The common-size income statement reveals significant shifts in the company’s revenue mix and expense structure over the five-year period. A notable trend is the increasing contribution of merchant revenues to overall revenues, while agency revenues demonstrate a consistent decline. Operating income and net income both show improvement over time, though with some fluctuations influenced by non-operating items.
- Revenue Composition
- Merchant revenues increased substantially from 33.73% of revenues in 2021 to 65.96% in 2025, indicating a strategic shift or increased success in this segment. Conversely, agency revenues decreased from 60.80% in 2021 to 29.60% in 2025. Advertising and other revenues remained relatively stable, consistently representing around 4-5% of total revenues.
- Expense Management
- Marketing expenses, while substantial, decreased as a percentage of revenues from -34.69% to -30.41%. Sales and other expenses also increased as a percentage of revenues, from -8.04% to -12.83%. Personnel expenses decreased from -21.12% to -12.64%, suggesting potential efficiencies in labor costs or a change in the company’s operational model. General and administrative expenses also decreased, though with a spike in 2023 before declining to -3.18% in 2025. Overall, operating expenses decreased from -77.22% to -67.21%.
- Profitability
- Operating income improved from 22.78% to 32.79% of revenues, demonstrating enhanced operational efficiency. Net income followed a similar trajectory, increasing from 10.63% to 20.08%. However, fluctuations in other income (expense), net, impacted the overall profitability picture, particularly due to significant swings in foreign currency transaction gains/losses and net gains/losses on equity securities.
- Non-Operating Items
- Interest expense increased as a percentage of revenues, from -3.05% to -6.01%, potentially reflecting increased debt levels or higher interest rates. Interest and dividend income also increased significantly, from 0.15% to 3.42%, partially offsetting the increased interest expense. The emergence of impairment charges and transformation costs in later years, at -1.70% and -0.76% respectively, suggests potential restructuring or asset write-downs.

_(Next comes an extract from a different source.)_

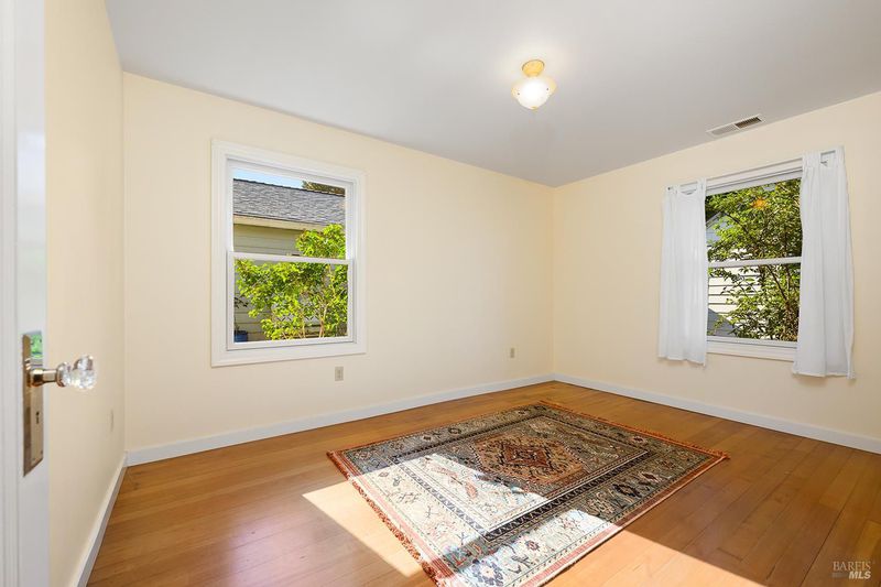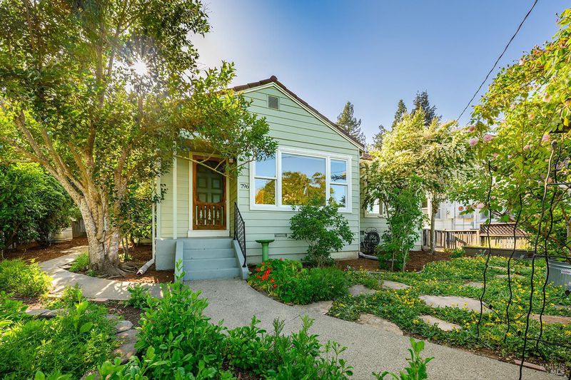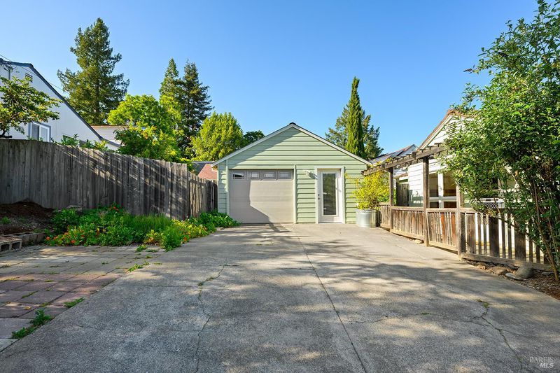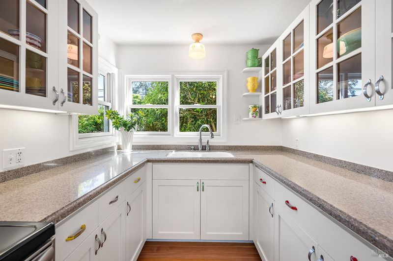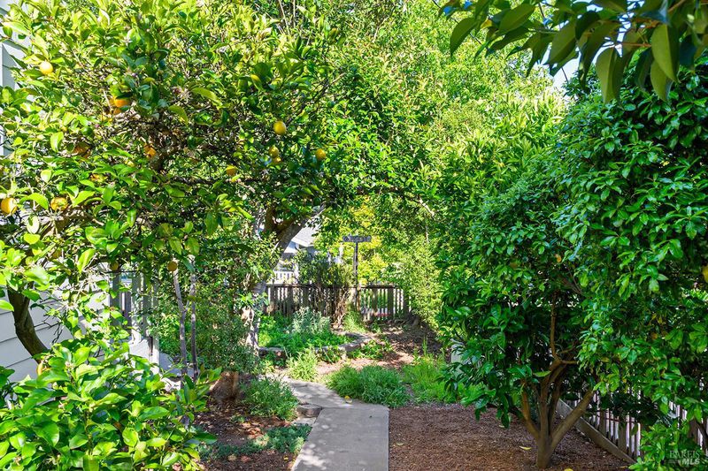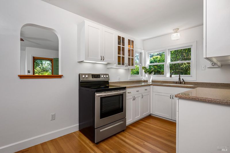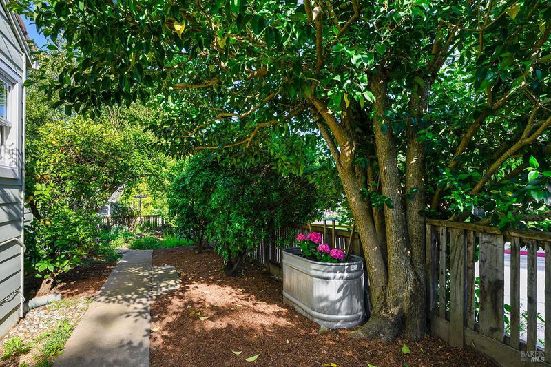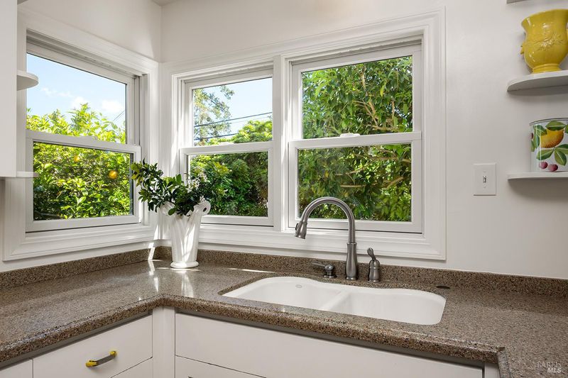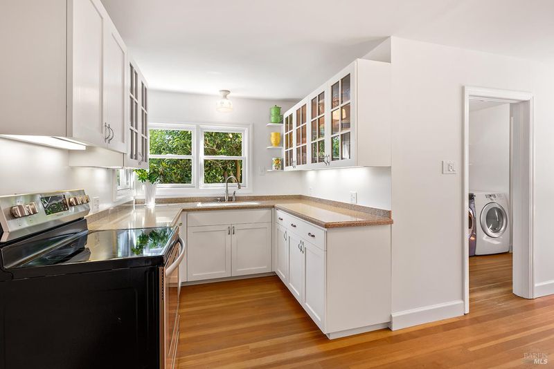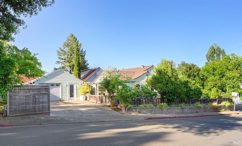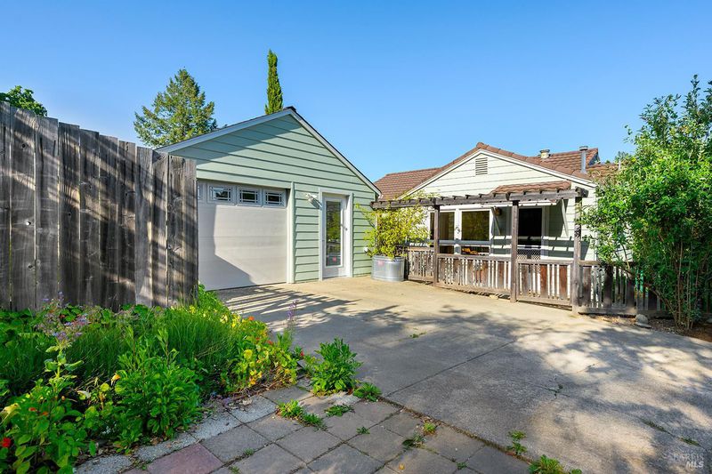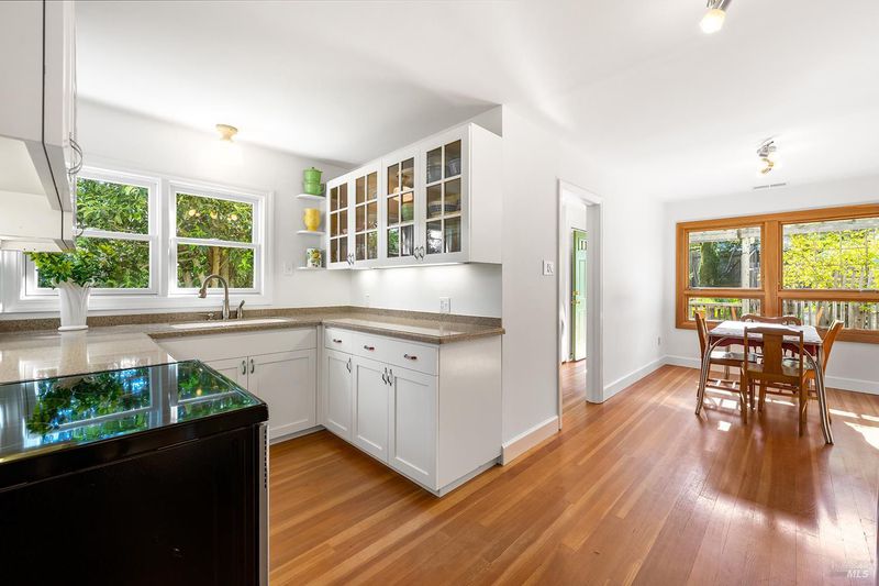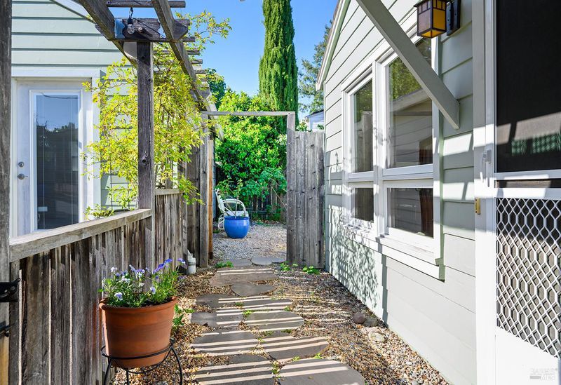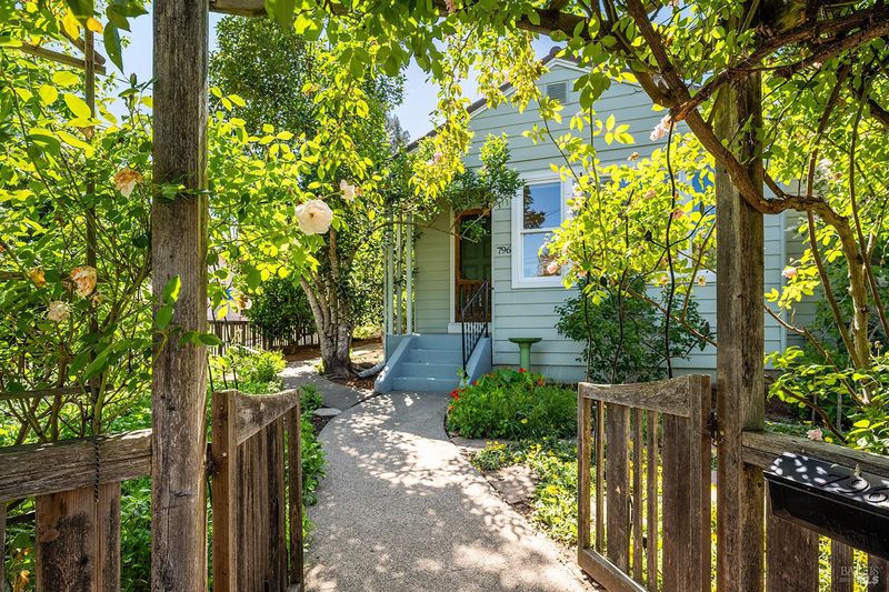 Irresistibly charming, this home expresses pure delight from the get go with an impeccable interior that lights up with fresh new paint, an abundance of crystal clear corner windows, picture windows, double windows, warm wood floors and notable improvements that weave seamlessly in to its enduring comfort. New air conditioning, on demand Hot water heater, New Refrigerator and Range. The kitchen has been remodeled, completely, with finishing elements that give nod to its heritage - Bakelite cabinet pulls, ceiling light fixtures, glass door upper cabinets. The landscaping is purposeful in it's rustic allure, random yet sculpted, it's a joy to sit among its color and character - Meyer lemons, Lime, Orange, Pomegranate and Concord grapes bring seasonal harvests. Indoor laundry room, metal roof on the main dwelling, new roof and door on the detached garage, decorative fencing and there's a chicken coop enclosure, so bring the hens! Sited with an elevated perspective, some distant views are captured. ADU potential. This home, for all reasons, is just profoundly right!!

The change in fair value of the conversion option related to convertible senior notes also introduced volatility, particularly in 2024 and 2025.
- Tax Rate
- The income tax expense as a percentage of revenues remained relatively consistent, fluctuating between -2.74% and -5.94%. This suggests a stable effective tax rate throughout the period.
In summary, the company experienced a significant shift in its revenue mix towards merchant revenues, coupled with improvements in operating and net income margins. While expense management showed some positive trends, non-operating items introduced volatility. The increasing interest expense warrants monitoring, and the emergence of impairment and transformation costs suggests potential strategic adjustments.